Write out, word for word and with no pictures, each line below from the one containing "Um belo convite" through the one containing "200cc原礦黃金段泥高溫柴燒荷趣韻瓢壺POT8321", both included, and no other line.
Records: Begin
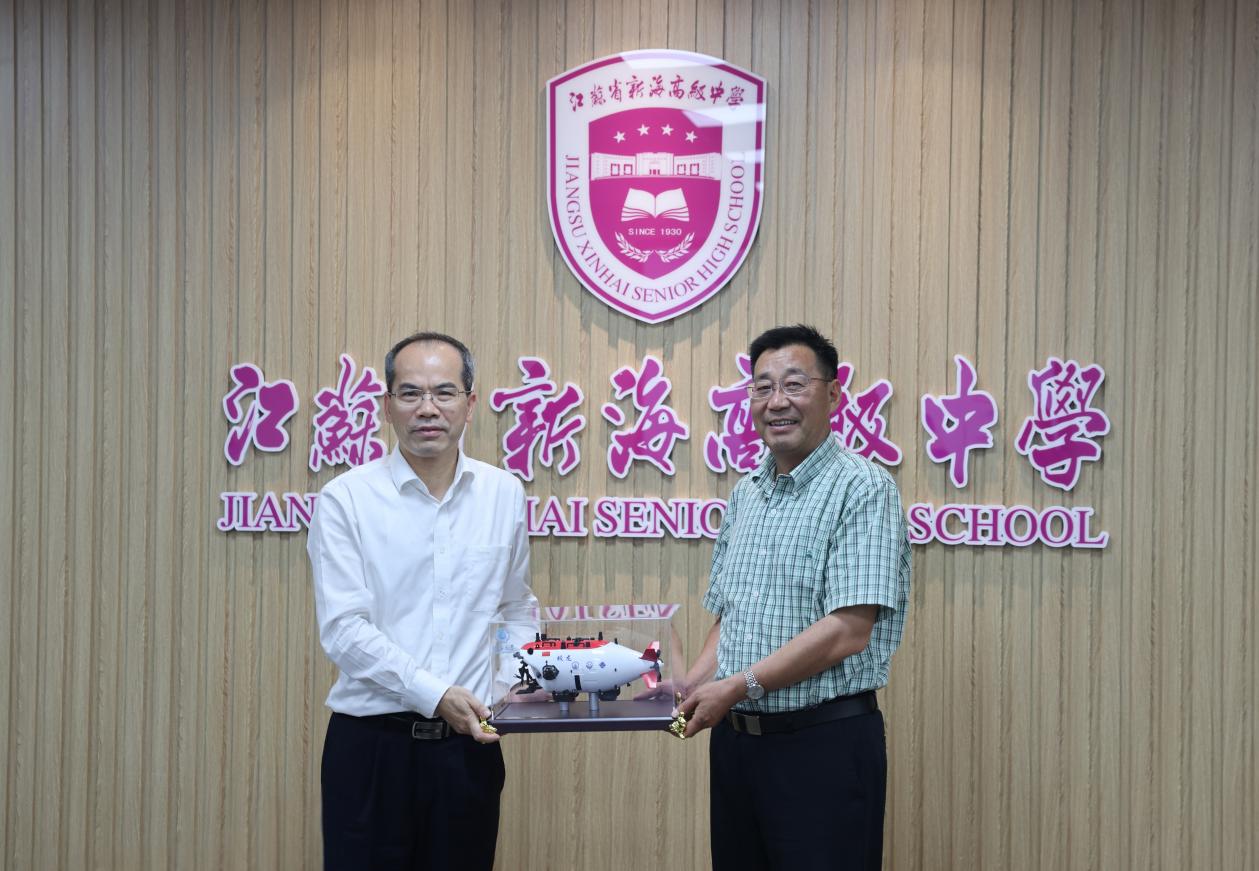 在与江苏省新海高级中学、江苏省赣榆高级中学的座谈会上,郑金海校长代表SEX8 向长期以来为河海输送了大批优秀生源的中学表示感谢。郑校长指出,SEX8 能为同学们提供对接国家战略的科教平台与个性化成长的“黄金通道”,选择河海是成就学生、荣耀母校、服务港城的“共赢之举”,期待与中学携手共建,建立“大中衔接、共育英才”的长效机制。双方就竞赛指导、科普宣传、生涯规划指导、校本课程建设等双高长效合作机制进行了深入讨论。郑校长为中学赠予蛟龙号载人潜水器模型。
Records: End
Records: Begin
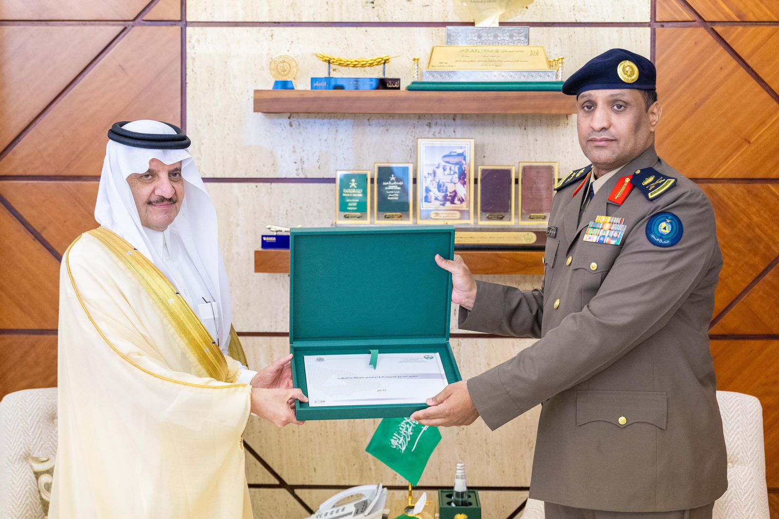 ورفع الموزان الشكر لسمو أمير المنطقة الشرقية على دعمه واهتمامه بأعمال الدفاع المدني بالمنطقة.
Records: End
Records: Begin
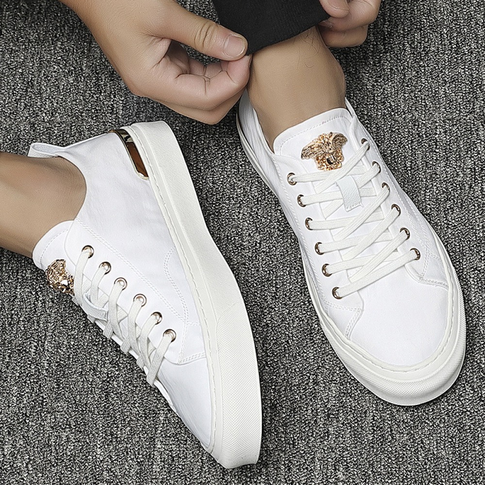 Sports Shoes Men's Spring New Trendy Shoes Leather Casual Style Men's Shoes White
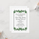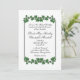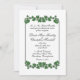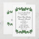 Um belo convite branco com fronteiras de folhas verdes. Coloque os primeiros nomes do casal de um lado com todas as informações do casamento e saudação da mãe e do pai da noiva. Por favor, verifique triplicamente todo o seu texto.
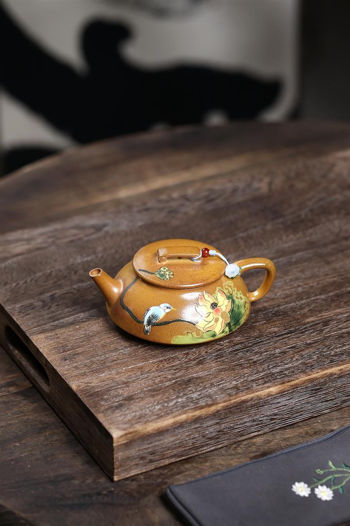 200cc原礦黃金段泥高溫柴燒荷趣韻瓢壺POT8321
Records: End
The answer:
 Um belo convite branco com fronteiras de folhas verdes. Coloque os primeiros nomes do casal de um lado com todas as informações do casamento e saudação da mãe e do pai da noiva. Por favor, verifique triplicamente todo o seu texto.
 200cc原礦黃金段泥高溫柴燒荷趣韻瓢壺POT8321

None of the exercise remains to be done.